私は練習で共に走ることはかなわないが、この5年、さまざまな形で応援を続けてきた。大会の延期が決定したときには、皆で励ました。新型コロナウイルス禍で「密」を避けるため大規模な声援が送れなくなると、市内外に呼びかけ約7000枚の応援メッセージも集め、彼女に届けた。

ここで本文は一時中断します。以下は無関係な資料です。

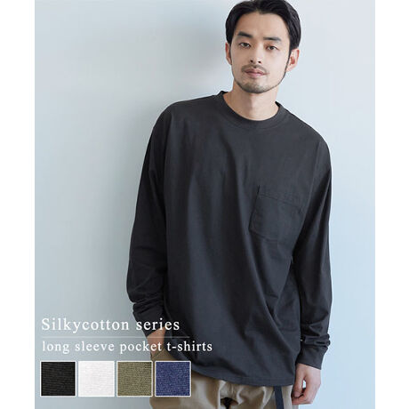 【メンズ】【シルキーコットン】胸ポケット付き 長袖Tシャツ 全4色
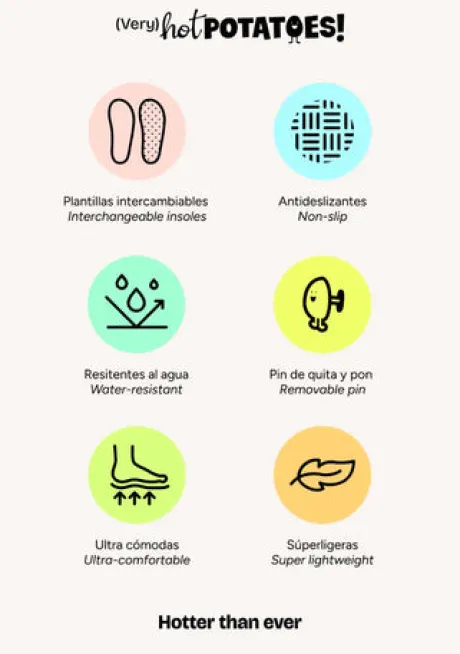 To enjoy the comfort of Hot Potatoes anywhere. Flip-flops with removable pin in the same colour as the insole. Includes 2 removable and interchangeable insoles. Composition: -Fylon upper, a shock-absorbing, water-resistant, non-slip and ultra-light material. -Fylon insole. -Soft towel insole.
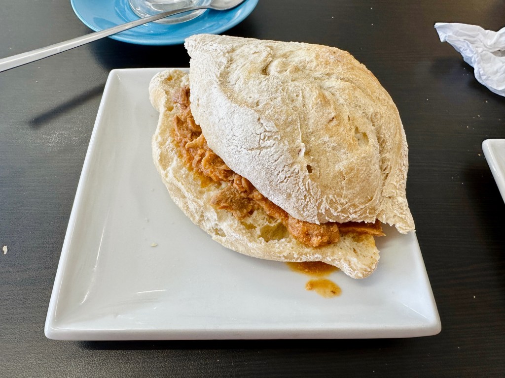 My sandwich choice was difficult but in the end I went for the bifana, lured by those enticing photos I’d seen. This mostly happens in independents, rarely in chains, but what came to my table looked almost exactly like the pictures online and every bit as alluring. A bifana, although there’s some variation across Portugal, is strips of pork cooked in a sauce of beer, garlic and paprika, loaded into a big soft floury roll and eaten like a hungry beast. Okay, that last bit probably only describes my assault on it, but I assure you the rest was very accurate.
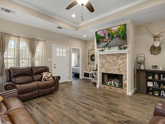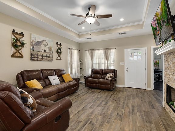 Great one story home sitting on .75 acres in the Rocky Creek Ranch community of Canyon Lake. This home offers an open kitchen and family room concept with stone fireplace, spacious primary suite with dual vanity and jetted tub, and extended outdoor deck for entertaining. Neighborhood amenities include clubhouse, park, pool, and close to public boat ramps.
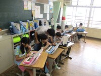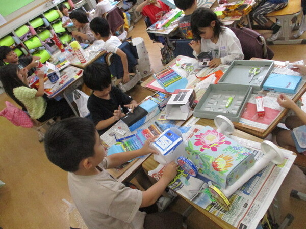 3年生はこれまで、学校の教職員にどのような仕事をしているのかをインタビューし、それを文章にまとめてきました。そのお礼の手紙を持って職員室に「〇〇先生いらっしゃますか?」と訪れます。みんなが書いたお手紙もとても上手に書けていましたよ。1年生は何やらいろいろな箱で何かを作っています。その箱の模様や形を生かし、かざりつけをして別のものに生まれ変わらせています。いろいろなアイデアが満載の作品になっています。にじいろさんから鍵盤ハーモニカの音が聞こえます。低学年の子どもたちです。先生に教わりながら一生懸命に練習していました。もっと上手になれるといいですね。
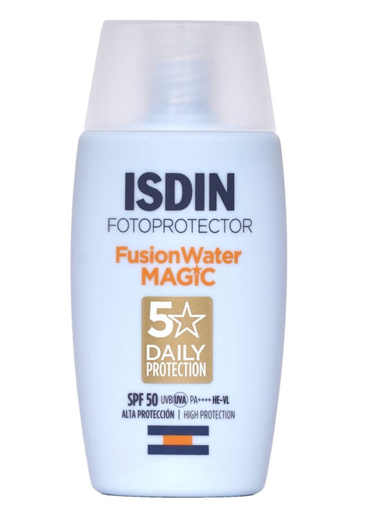 ضدآفتاب فیوژن واتر مجیک ایزدین یکی از انواع ضد آفتاب های برند ایزدین است که بافتی فوق العاده سبک و زود جذب روی پوست داشته و برای استفاده روزانه ایده آل است. این ضد آفتاب علاوه بر محافظت بالا از پوست در برابر اشعه های مضر نور خورشید با SPF50، پوست را رطوبت رسانی کرده، چربی آن را کنترل میکند و دارای خاصیت آنتی اکسیدانی است. ضد افتاب ایزدین مجیک برای پوستهای چرب ایده آل است، فاقد روغنهای معدنی است، جلوهای کاملا مات روی پوست دارد و احساس چربی و سنگینی ایجاد نمیکند.
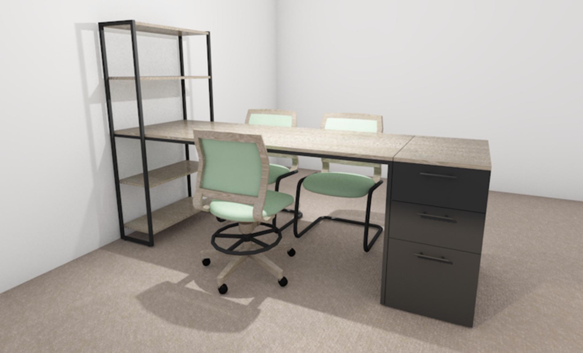 Este diseño busca la eficiencia espacialmediante la fragmentación de funciones. El escritorio integra una estantería lateral fija para soporte estructural y estético, mientras que la cajonera independiente permite flexibilidad en la configuración del espacio de trabajo.
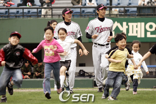 갈수록 열기를 더해가는 프로야구가 어린이날을 맞아 푸짐한 이벤트를 벌인다. 오는 5일 어린이날을 맞이하여 잠실(두산-LG) 사직(롯데-삼성) 대전(한화-KIA) 수원(현대-SK)구장에서 열리는 프로야구에서 어린이 팬들을 위한 특별 팬서비스를 다양하게 준비됐다. ◆잠실구장-어린이팬 두산 홈유니폼 무료 증정 한지붕 두 가족인 LG 트윈스와 잠실에서 경기를 펼치는 두산 베어스는 어린이날을 맞이하여 와부초등학교 ‘줄넘기 공연단’의 공연 및 태권도 시범단 ‘코리아 타이거즈’의 태권도 퍼포먼스를 진행한다. 또한 ‘무궁화꽃이 피었습니다’, ‘공 굴리기’ 게임에 선수단이 직접 참여하여 어린이팬들에게 특별한 추억을 안겨줄 예정이며, 어린이와 동반한 가족 10팀이 참가하는 풍선터뜨리기 행사도 준비되어 있다. 전광판을 통해서는 홍성흔, 김동주 등이 어린이들에게 전하는 어린이날 축하 멘트가 상영되며 선수단 사인볼도 선물한다. 한편 영화 ‘방울토마토’에서 주연을 맡은 김향기 어린이가 특별 시구를 할 계획이다. ◆사직구장-다양한 이벤트와 캐릭터 인형 선물 롯데 자이언츠는 85년 10월 사직구장 개장 이래 처음 열리는 어린이날 경기를 맞이하여 다채로운 팬서비스로 어린이들을 맞이한다. 먼저 정오부터 야외광장에서 페이스 페인팅과 매직풍선을 선물하고 어린이들이 좋아하는 가수를 모방한 이미테이션 가수 공연 및 어린이를 위한 전자현악 3중주 공연이 열린다. 또한 비보이 공연 및 어린이 댄스경연대회와 함께 선수단 팬사인회도 실시된다. 장내에서는 12시 50분부터 전광판을 통하여 애니메이션 ‘뽀로로와 친구들’이 상영되며 선수들과 함께 하는 2인3각 릴레이, 힙합댄스 공연, 갈매기 캐릭터 ‘누리’와 유치원생 200명이 함께하는 특별 춤공연을 준비하고 있고, 클리닝타임에는 캐릭터 마임쇼도 펼쳐진다. 이날 입장하는 어린이 팬들에게는 일반석 무료입장 및 특별지정석과 지정석 50% 할인 혜택이 주어지며, 갈매기 캐릭터인 ‘누리’와 ‘아라’ 인형 4000개와 선수 사인볼 2000개를 증정한다. ◆대전구장-LCD TV 등 푸짐한 경품 선물 어린이날 KIA와 경기를 펼치는 한화 이글스는 오전 11시 30분부터 장외무대에서 어린이 가수왕 선발대회, 솜사탕 증정, 페이스 페인팅, 캐릭터 & 치어리더와 포토타임, 삐에로 요술풍선 등의 행사가 진행되며 외야와 3루 출입구 주변에 에어 놀이기구를 설치하여 어린이들이 자유롭게 즐길 수 있는 놀이공간을 마련하였다. 그라운드에서는 오후 1시 20분부터 가족과 함께하는 어린이 O/X퀴즈, 코스프레 댄싱공연이 열리고 1루측 응원석에서는 꼬마 치어리더의 운영과 함께 어린이 댄스경연대회도 함께 실시할 예정이다. 이날 야구장을 찾는 어린이를 대상으로 키재기 도구 3000개와 어린이 새총 이벤트를 통하여 티셔츠 20장을 증정하며, 전 관중을 대상으로 LCD TV 1대와 드럼세탁기, 아이팟, 아웃백 식사권 등의 특별 경품이 제공된다. 또한 이날 ‘Eaglet Kids Club’ 최초 가입자인 조현곤 어린이가 특별 시구를 실시한다. ◆수원구장--영화관람권 등 선물 수원구장에서 SK와 경기를 벌이는 현대 유니콘스는 어린이 날을 맞이하여 CGV 및 인터파크 영화관람권 10매와 H-MALL 적립금(5만 원) 5명, 도로코면도기를 증정하며 에어건쇼 및 탕수육 배달 이벤트를 진행한다. 지난해 잠실 구장 어린이날 행사 모습.

その間も彼女は日々、厳しい練習を重ねてきた。本当に大きく成長された。アスリートとして自信とやる気に満ちあふれた表情で、大会に向かっていった。

スタートからしばらく経った日本橋地点。先頭集団にいた。大きな声を出し、応援できないのが残念だが走りは良い。期待できる。

20キロ地点。パラ大会最終日、世界中のアスリートたちが風をきって走る。どんな困難にも打ち勝ち、本当に生きる希望を感じさせるものだ。素晴らしい。「道下! 頑張れ! 頑張れ日本!」。心の中で叫んだ。

最終盤。外苑西通りに入ってきた。1位だ。2位とは1分以上の差がある。そのまま、伴走者とともに国立競技場に走りこんでいく。金メダルだ!

世界中がコロナ禍や争いで苦しんでいるなか、スポーツはそれを打ち消す力があると、改めて感じた。

道下選手の金メダルは彼女にとっても最高の名誉である。それと同じくらい、私はもちろん、世界中に希望を与えてくれたと思う。